The mood of Alex Taylor’s Spaceship might be characterised by one line: “Most of the kids around here think they were abducted by aliens”. A group of British adolescents with oddly posh accents bite each other’s arms to drink blood and engage in as many unorthodox activities as they can conjure. A girl with blue tresses (Tallulah Rose Haddon) has a master/slave relationship with her boyfriend, who wears a collar and behaves like a dog – and she blithely states “I’m just a bit bored with kissing humans”. Like a contemporary Alice in Wonderland, these kids inhabit an alternate universe, speaking often about rainbows and unicorns and dropping acid, yet all with casual apathy.

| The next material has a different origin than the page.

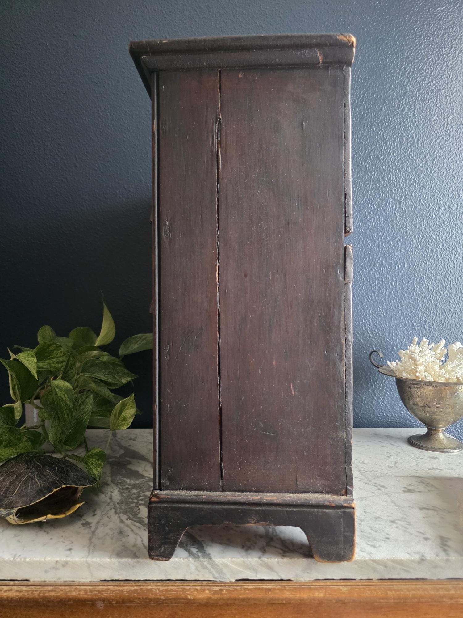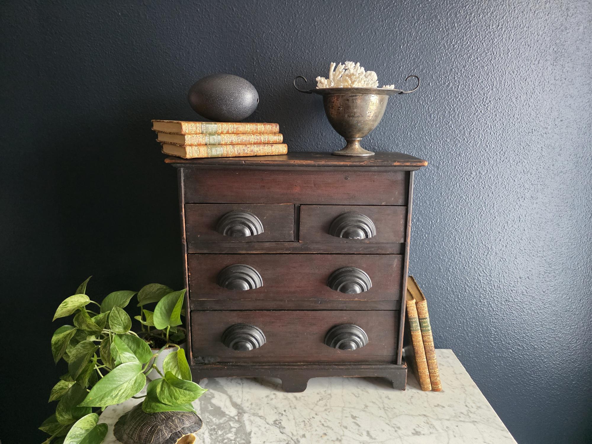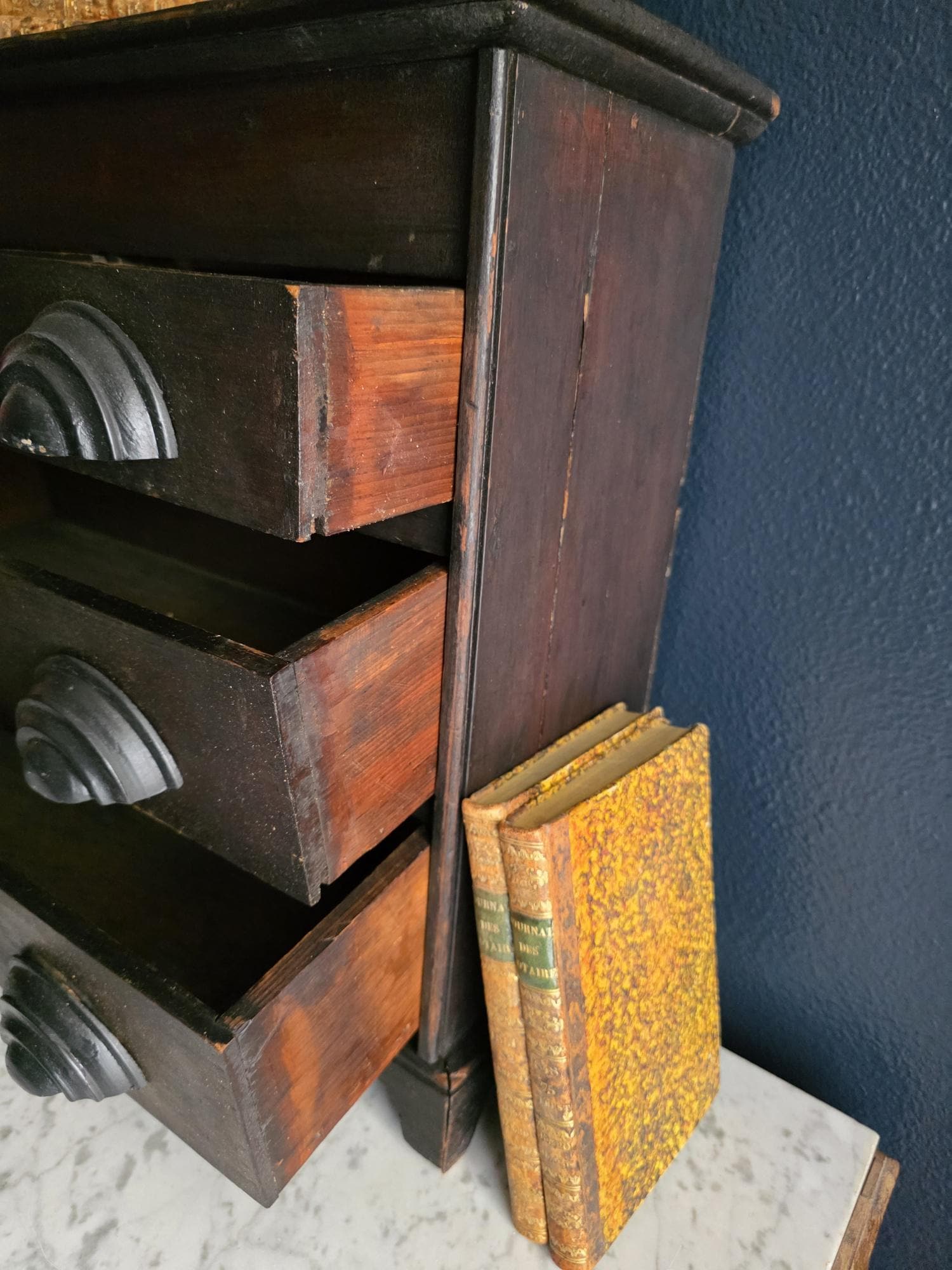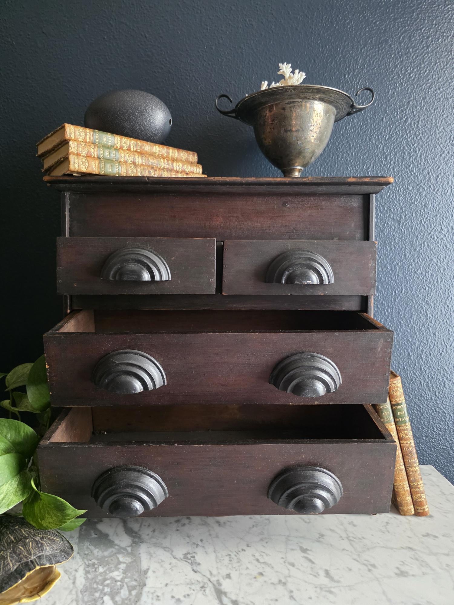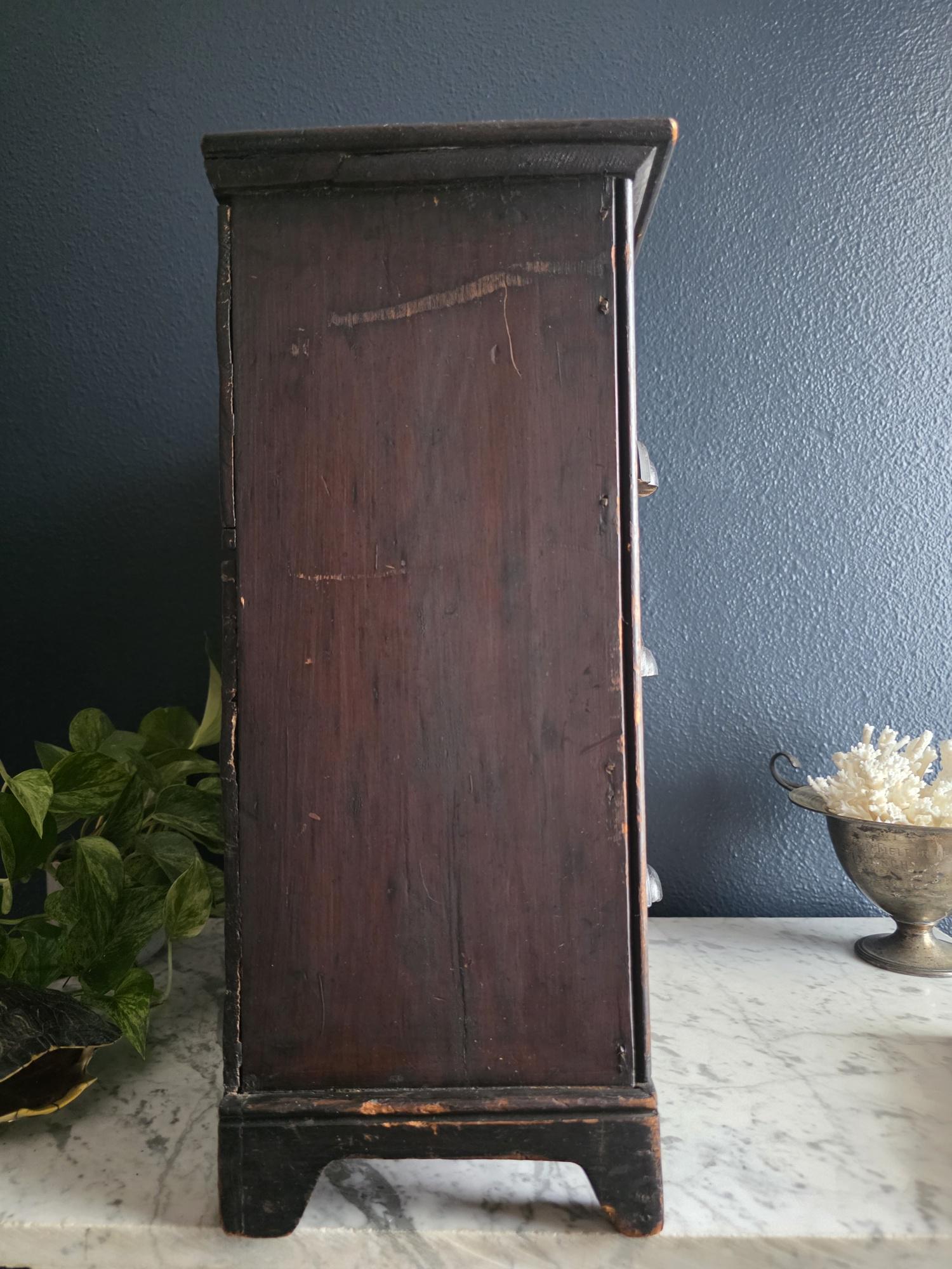 Presenting a charming and authentic 19th-century folk-built miniature chest of drawers, a piece that beautifully wears its long, utilitarian history. This diminutive three-tier cabinet features two small upper drawers and two full-width lower drawers, showcasing the wonderful imperfections and character inherent to handmade primitive furniture. The dark, deeply patinated wood exhibits authentic, weathered age, with worn edges, scuffed surfaces, and historical repairs—including a visible patched area on the lower front corner—that only add to its rustic narrative. The back paneling is constructed with traditional wide wooden planks secured by small antique hand forged nails. The piece has been updated in recent times with vintage replacement wood drawer pulls; these striking, ribbed semi-circular handles provide a structural, almost Art Deco-inspired contrast to the organic, primitive build. Rich with texture and history, this tabletop chest is perfectly suited for grounding a Moody Vintage aesthetic or enhancing a Dark Academia study, serving as both a compelling visual focal point and a practical storage solution for apothecary items, jewelry, or small curated curiosities. A one-of-a-kind statement piece that will add endless character to your personal space.

Lucidia (Alexa Davies) is traumatised by the unexplained swimming pool drowning of her mother, whom she describes as “a Barbie doll on speed”. One day her friend Luke (Lucian Charles Collier) witnesses Lucidia’s abduction by aliens, the truth of which is mysterious. Waking up in an army barracks, not knowing how she got there, she clearly believes she was abducted. Throughout the entire film an ambiguous aura prevails, whether to simply portray vivid teenage imaginations or possible drug-induced hallucinations.
It is apparent that not only the youth are fanciful in this movie. Lucidia’s archaeologist father (Antti Reini) seems in a perpetual state of chimerical contemplation, digging all day in the earth that he says “communicates”. After his daughter’s disappearance, he wanders throughout the film in a kind of trance, seeking answers by mingling with her friends, stepping into their bizarre world.
Escape is a major theme – through fantasy, drugs, and suicide – as is non-conformity, daring to be different, doing what you really want to do – because life is beautiful, painful and open to interpretation and questions. With a nostalgic wink to teens being teens and laced with tongue-in-cheek humour, the piece doesn’t take itself too seriously, however.
The narrative is quite nonsensical – like a series of dreamlike impressions – but highly experimental and philosophical. Although incongruent and meandering, it is with a purpose, as it is very atmospheric, about feeling – portraying well through its craziness a sense of how it is to be an adolescent. Using unusual, vivid cinematography, the work is a daring journey into younghood and highlights the lure of escapism in a challenging, confusing, sometimes bleak world. As a mood piece Spaceship is poignant, evocative and thought-provoking.
Spaceship is released nationwide on 19th May 2017.